[scarab92]

It's success as a business aside, at a technical level neither Cloudflare nor its competitors provide any real protection against large scale scraping.

Bypassing it is quite straightforward for most average competency software engineers.

I'm not saying that CloudFlare is any better or worse at this than Akami, Imperva etc, I'm saying that in practice none of these companies provide an effective anti-bot tool, and as far as I can tell, as someone who does a lot of scraping, the entire anti-bot industry is selling a product that simply doesn't work.

[immibis]

In practice they only lock out "good" bots. "Bad" bots have their residential proxy botnets and run real browsers in virtual machines, so there's not much of a signature.

This often suits businesses just fine, since "good" bots are often the ones they want to block. A bot that would transcribe comments from your website to RSS, for example, reduces the ad revenue on your website, so it's bad.

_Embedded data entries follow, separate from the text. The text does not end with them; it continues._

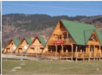
Lodge Rugova Mountains
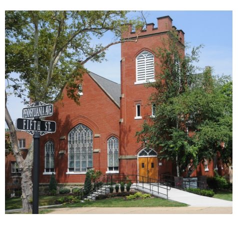
Oakmont Presbyterian Church 415 Pennsylvania Avenue Oakmont, PA 15139
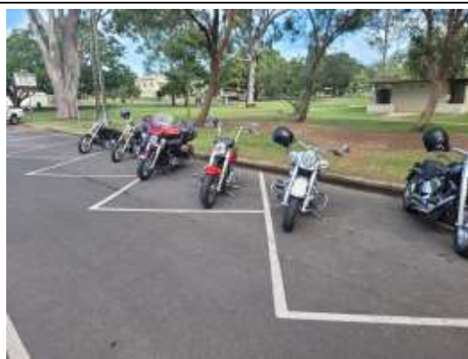
Out and about – 24 th April 2022 #4

But the spammer is posting more comments and they look like legit page views, so you get more ad revenue.

[scarab92]

I don't believe that distinction really exists anymore.

These days everyone is using real browsers and residential / mobile proxies, regardless of whether they are a spammer, or a Fortune 500, a retailer doing price comparison of an AI company looking for training data.

[immibis]

Random hackers making a website to RSS bridge aren't using residential / mobile proxies and real browsers in virtual machines. They're doing the simplest thing that works which is curl, then getting frustrated and quitting.

Spammers are doing those things because they get paid to make the spam work.